### [EXERCISE]
Starting at the line with "がんばって跳んだ後、床に倒れこむ児童もいました。" and stopping at the final line, retype the data below exactly; do not carry over any pictures.

===== COLLECTED MATERIAL

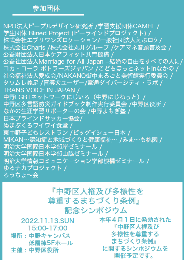 ・条例実質化企画:「本年4月1日に発効された『中野区人権及び多様性を尊重するまちづくり条例』記念シンポジウム」を開催します。
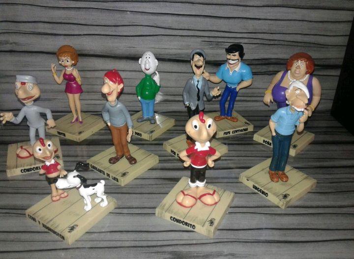 Conjunto de figuras de colección de los personajes de Condorito. Incluye a Condorito, Garganta de Lata, Pepe Cortisona, y otros personajes icónicos. Cada figura está detalladamente pintada y montada sobre una base con el nombre del personaje. Ideal para fanáticos del cómic y coleccionistas.
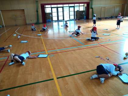 がんばって跳んだ後、床に倒れこむ児童もいました。
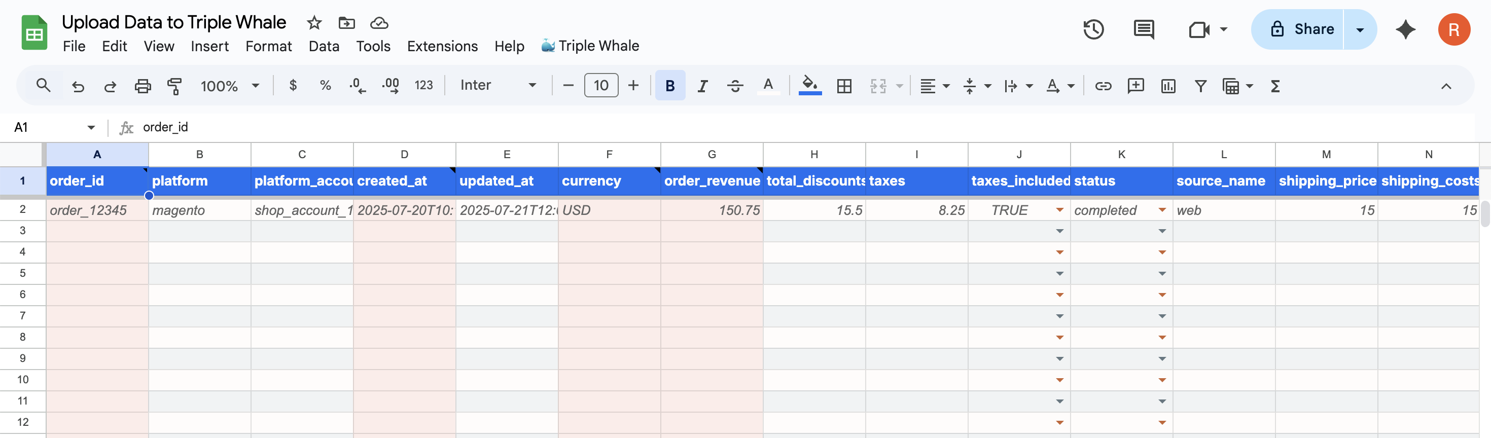 This guide explains how to use the Triple Whale Data-In for Google Sheets template to upload data from any source — including Orders, Products, Subscriptions, Ads, and Post-Purchase Survey data — directly to Triple Whale without writing any code.

==========

### [RESPONSE BELOW]
 がんばって跳んだ後、床に倒れこむ児童もいました。
 This guide explains how to use the Triple Whale Data-In for Google Sheets template to upload data from any source — including Orders, Products, Subscriptions, Ads, and Post-Purchase Survey data — directly to Triple Whale without writing any code.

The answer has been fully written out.